AudioMate provides a convenient way to concatenate multiple audio files into a single file. Here's an example:

import soundfile as sf
from audiomate import utils

# Read the input audio files
data1, sample_rate1 = sf.read('audio1.wav')
data2, sample_rate2 = sf.read('audio2.wav')

# Concatenate the audio data
concatenated_data = utils.concat_audio([data1, data2], [sample_rate1, sample_rate2])

# Write the concatenated audio to a new file
sf.write('concatenated.wav', concatenated_data, sample_rate1)

Expected Output:

  • An audio file named "concatenated.wav" will be created by concatenating the audio data from "audio1.wav" and "audio2.wav".

Example 6: Resampling Audio

You can use AudioMate to resample audio files to a different sample rate.
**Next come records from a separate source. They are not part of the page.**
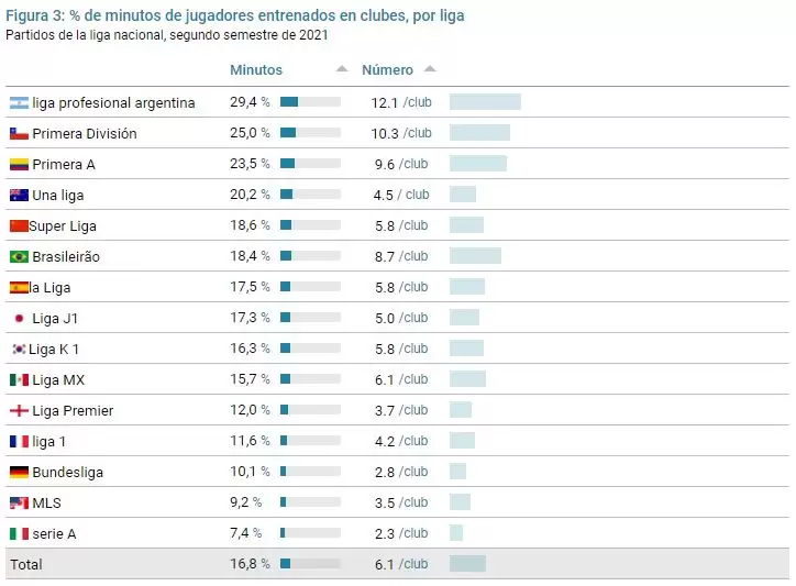 En un punto donde la liga argentina se destaca, es la formación de jugadores. La Liga Profesional de Argentina logra tener un porcentaje de 29.4% de minutos disputados por jugadores formados en un equipo de la liga. Al contrario, la MLS y la Serie A son las ligas con menos porcentaje de minutos jugados por jugadores formados en un equipo de aquella liga.
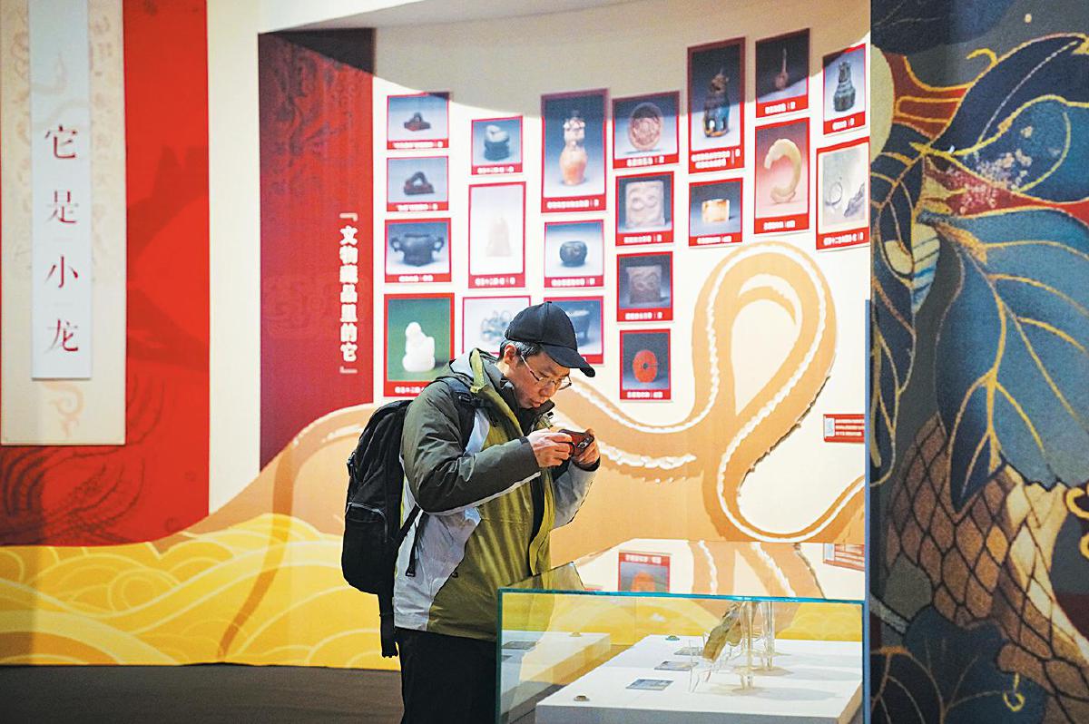 1月23日,中国园林博物馆,“它们·巳蛇”展,一位观众在参观。 新京报记者 薛珺 摄
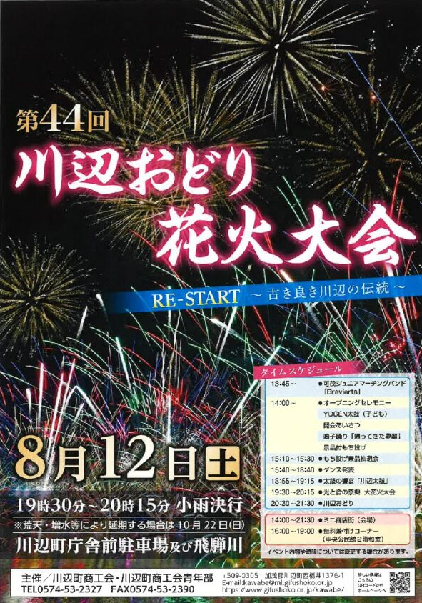 第44回川辺おどり・花火大会』タイムスケジュール岐阜県商工会連合会。
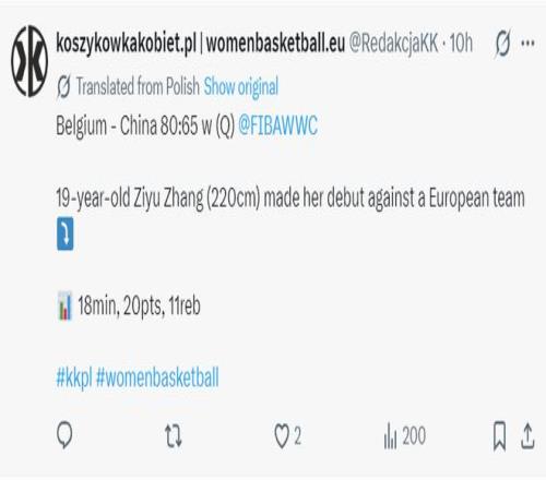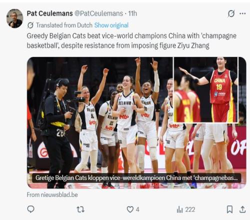 外媒寫道:比利時女籃擊敗了前世界杯亞軍中國隊,雖然中國隊的新星張子宇不答應(yīng)打出不俗狀態(tài)。
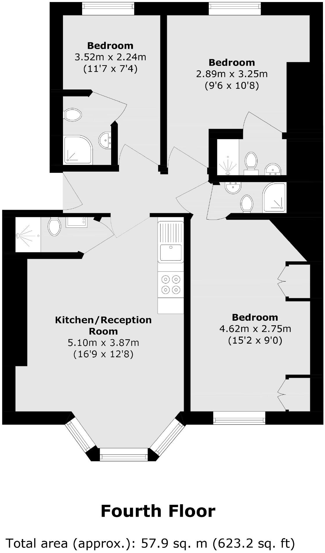 Three bedroom apartment offers plenty of storage with three en suite bathrooms. The property comes fully furnished and has wooden floors throughout.
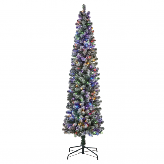 Slim and versatile. Featuring 200 energy-efficient, multi-colour LED bulbs, can be programmed to change colour or cast a consistently warm white glow. Charming artificial snow dusts the 408 realistic PVC branches of this gorgeously designed 7 foot tall 26" diameter artificial Christmas tree.
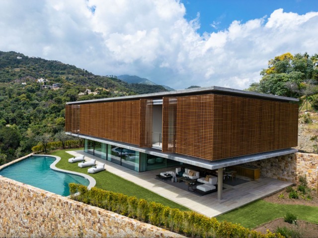 This villa sets a new benchmark for refined living within the prestigious El Madroñal area in Benahavís. Designed by renowned architect Marcio Kogan in collaboration with Lamar Development. Positioned in one of the most sought-after gated communities, the south-west facing villa offers sweeping panoramic views of the Mediterranean Sea and the surrounding mountain ranges. The design merges seamlessly with its beautifully landscaped garden, where a pristine swimming pool takes center stage amidst the natural surroundings.
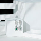 These Lab Grown Emerald Earrings feature a stunning dangle drop design. Crafted from gold plated silver, they symbolize love and enduring connections, making them a remarkable piece of jewelry for someone special in your life. The earrings showcase beautiful 6 MM round lab-created emeralds held securely by prongs, surrounded by a double teardrop frame adorned with small round brilliant cut Moissanite. An exclusive open marquise shaped frame is embellished with moissanite stones at the top, linking the Emerald Wedding Earrings with a screw back closure. These Bridal Earrings are a classic and eye-catching accessory, radiating elegance with their incredible brilliance and vibrant color that sparkles with light. Just like a true and everlasting love, they are carefully crafted to embody a sophisticated style that captures the essence of romance. These Teardrop Drop Earrings add movement, enhancing the sparkle that draws attention and instantly elevates your look with sophistication.
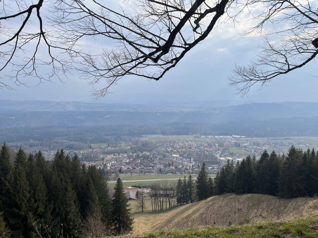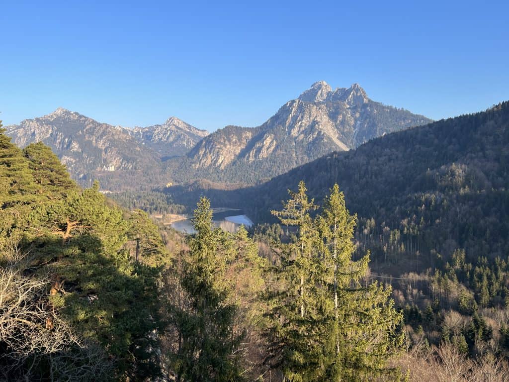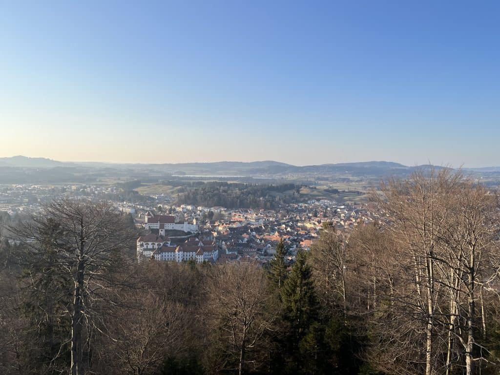 Auf den Kalvarienberg genießen wir die atemberaubende Aussicht von oben, auf der einen Seite Schwansee und Neuschwanstein und auf der Anderen Füssen mit Schloss.
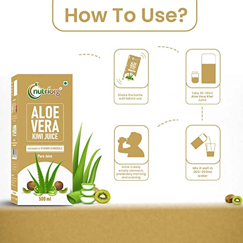 Nutriorg Aloevera with Kiwi Flavour 500 ml, Rejuvenates Skin and Hair, Natural Juice for Skin Care,No Added Sugar (1L)
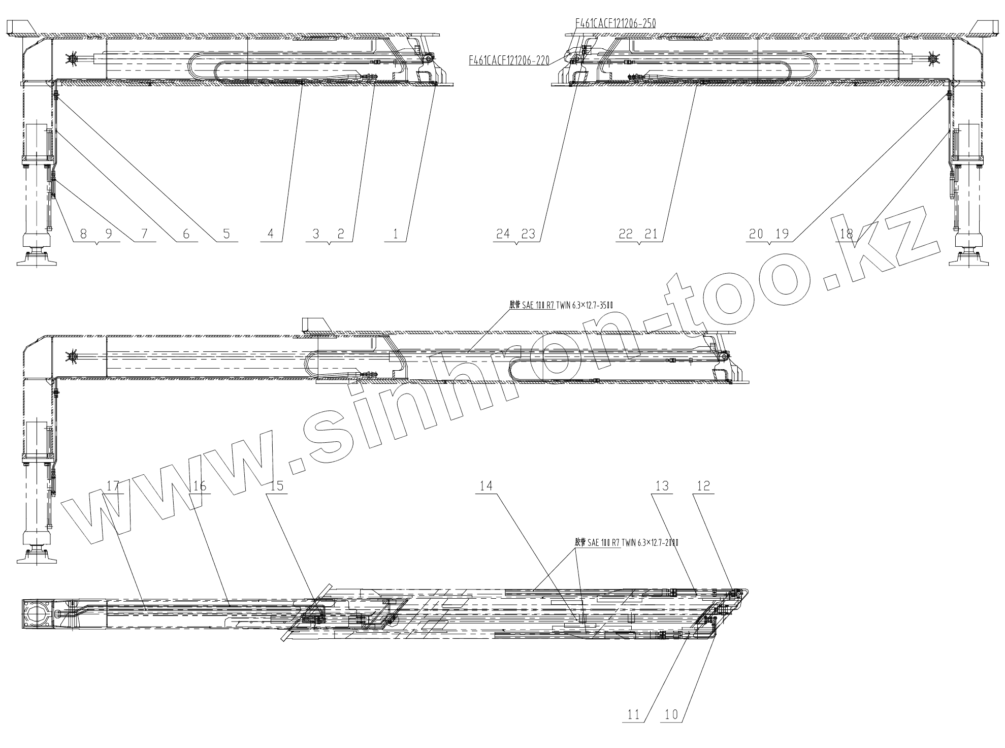 Каталог запасных частей к технике: Zoomlion 47X-5RZ. HYDRAULIC PIPELINE OF RIGHT-FRONT OUTRIGGER
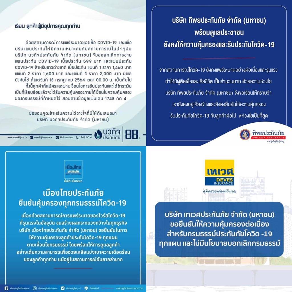 ส่วนบริษัทอื่นๆ ได้มีการโพสต์ข้อมูลส่วนใหญ่ ยังไม่ยกเลิก เช่น บริษัท เมืองไทยประกันภัย จำกัด (มหาชน) ยืนยันในการให้ความคุ้มครองลูกค้าประกันโควิด-19 ทุกแผนตามเงื่อนไขของกรมธรรม์ โดยพร้อมให้การดูแลลูกค้าอย่างเต็มความสามารถ เพื่อช่วยเหลือแบ่งเบาความเดือดร้อนของลูกค้าทุกท่าน ให้อุ่นใจแม้อยู่ในสถานการณ์อันยากลำบาก
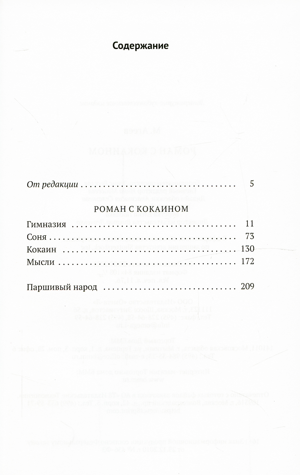 «Роман с кокаином» - история порочного юноши, исследующего мир в облаке кокаинового дурмана - одна из самых ярких и поэтичных книг русской эмиграции, вызвавшая немало споров, кривотолков и разногласий. Долгое время авторство романа приписывали Владимиру Набокову, настолько великолепно он был исполнен. Лишь спустя время выяснилось, что создателем произведений был другой талантливый прозаик - загадочный Марк Леви. В книгу также вошел рассказ «Паршивый народ». Впервые эти два произведения были опубликованы под псевдонимом М. Агеев в 1930-е годы в эмигрантской периодике Парижа.| Издательство | Омега-Л |
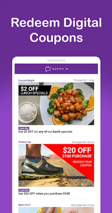 NotifyM provides you the best deals "in-the-moment"! Stay informed, save time, get notified with NotifyM!
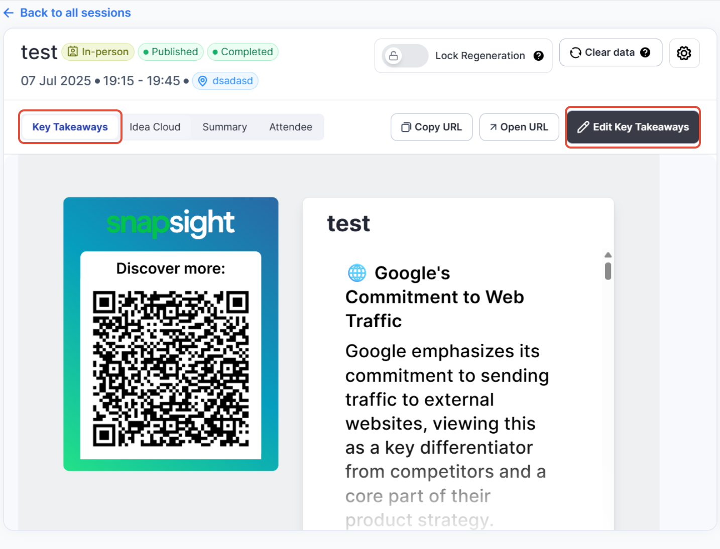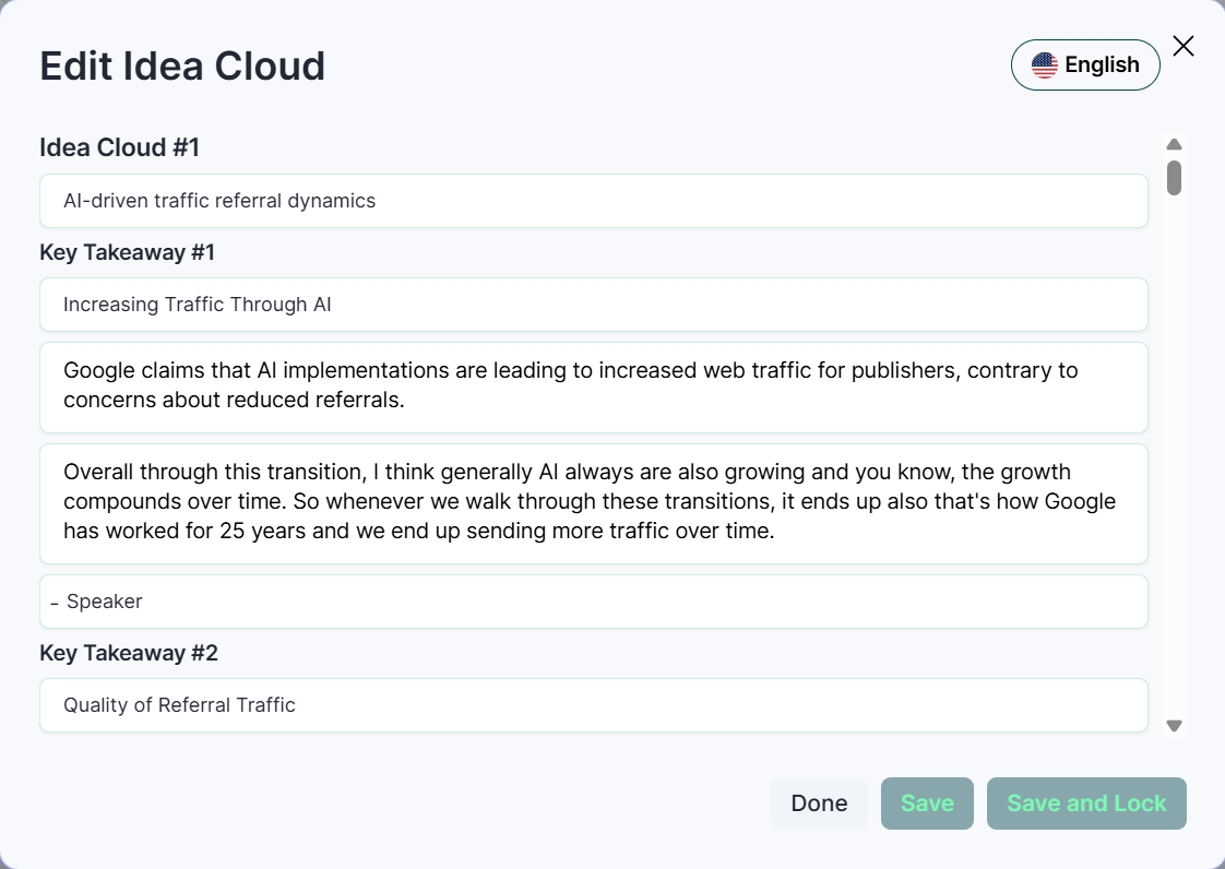 How to Edit Key Takeaways, Idea Cloud, and Transcripts for a Session
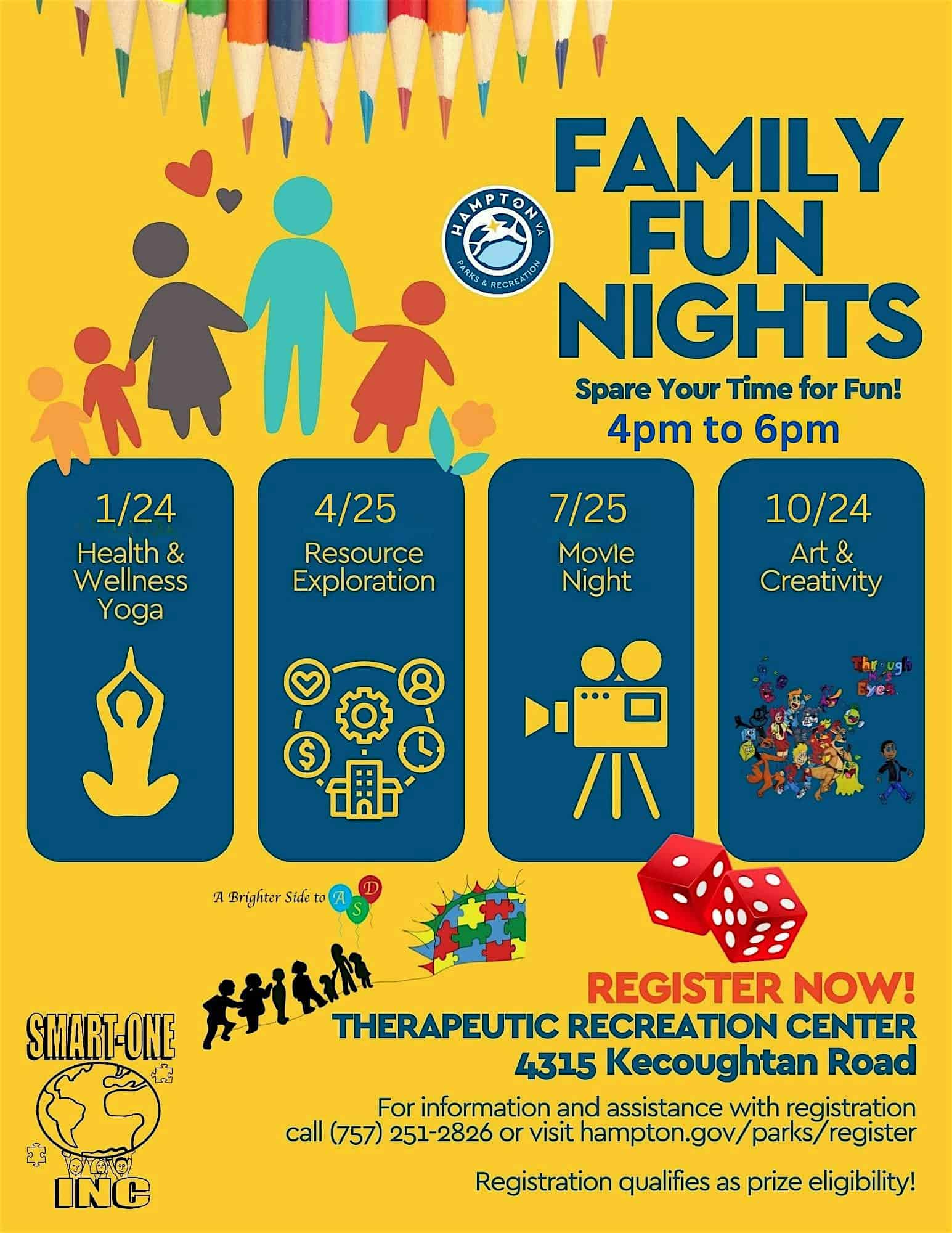 by admin24Feb Family Fun Nights at Therapeutic Recreation Center – Hampton, VA Family Fun Nights at Therapeutic Recreation Center – Hampton, VA 2 2 people viewed this event. Come enjoy a day of fun with the family enjoying games, raffles, light food and refreshments and access to service providers and vendors. Tickets-RSVP Link Date And Time Saturday, April 25th, 2026 04:00 PM (PST) Venue Therapeutic Recreation Center Location 4315 Kecoughtan Road, Hampton, VA 23669 Event Types Party or Social Gathering Event Category Virginia Share With Friends Facebook Twitter Linkedin Xing Pinterest Share This Post:
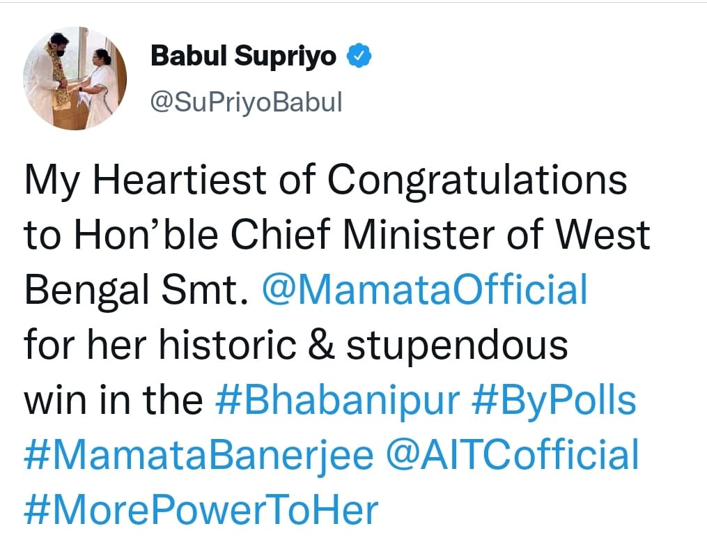 দলনেত্রী মমতা বন্দ্যোপাধ্যায়ের অভূতপূর্ব জয়ের জন্য তাঁকে অভিনন্দন জানালেন বাবুল। তিনি লেখেন, “আমার হার্দিক শুভেচ্ছা ও অভিনন্দন জানাই রাজ্যের মুখ্যমন্ত্রী মমতা বন্দ্যোপাধ্যায়কে। ভবানীপুরের উপনির্বাচনে এই ঐতিহাসিক ও বিপুল জয়ে নেত্রীকে শুভেচ্ছা।” একইসঙ্গে বাবুল হ্যাসট্যাগ দিয়ে লেখেন, ”More Power to her”.
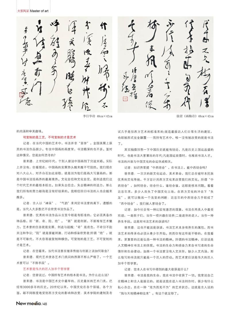 书法专刊48,此作品作者为《新媒体》杂志第三期
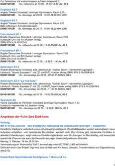 Lehrbuch/Titel, Verlag, Band, Lektion: Wird in der ersten Stunde bekannt gegeben.

Here's an example:

import soundfile as sf
from audiomate import utils

# Read the input audio file
data, sample_rate = sf.read('input.wav')

# Resample the audio to a new sample rate
resampled_data = utils.resample_audio(data, sample_rate, new_sample_rate=16000)

# Write the resampled audio to a new file
sf.write('resampled.wav', resampled_data, 16000)

Expected Output:

  • An audio file named "resampled.wav" will be created with the input audio file resampled to a sample rate of 16000 Hz.

Example 7: Splitting Audio into Segments

AudioMate allows you to split audio files into segments of fixed duration. Here's an example:

import soundfile as sf
from audiomate import utils

# Read the input audio file
data, sample_rate = sf.read('input.wav')

# Split the audio into segments of 5 seconds
segments = utils.split_audio(data, sample_rate, segment_duration=5)

# Write each segment to a separate file
for i, segment in enumerate(segments):
sf.write(f'segment{i}.wav', segment, sample_rate)

Expected Output:

  • Multiple audio files named "segment0.wav", "segment1.wav", etc. will be created, each containing a 5-second segment of the input audio file.

Example 8: Applying Volume Normalization

You can use AudioMate to apply volume normalization to audio files. Here's an example:

import soundfile as sf
from audiomate import effects

# Read the input audio file
data, sample_rate = sf.read('input.wav')

# Normalize the audio volume
normalized_data = effects.normalize_volume(data)

# Write the normalized audio to a new file
sf.write('normalized.wav', normalized_data, sample_rate)

Expected Output:

  • An audio file named "normalized.wav" will be created with the input audio file after applying volume normalization.

Example 9: Generating Silence

AudioMate provides a simple way to generate silence audio segments. Here's an example:

import soundfile as sf
from audiomate import utils

# Generate 5 seconds of silence
silence_data = utils.generate_silence(5, sample_rate=44100)

# Write the silence audio to a file
sf.write('silence.wav', silence_data, 44100)

Expected Output:

  • An audio file named "silence.wav" will be created with 5 seconds of silence.

Example 10: Pitch Shifting

You can use AudioMate to apply pitch shifting to audio files. Here's an example:

import soundfile as sf
from audiomate import effects

# Read the input audio file
data, sample_rate = sf.read('input.wav')

# Shift the pitch by 2 semitones
shifted_data = effects.pitch_shift(data, sample_rate, semitones=2)

# Write the shifted audio to a new file
sf.write('shifted.wav', shifted_data, sample_rate)

Expected Output:

  • An audio file named "shifted.wav" will be created with the input audio file after applying a pitch shift of 2 semitones.

These examples should give you a good starting point for working with the AudioMate library in Python. Feel free to explore the library's documentation for more advanced features and functionalities.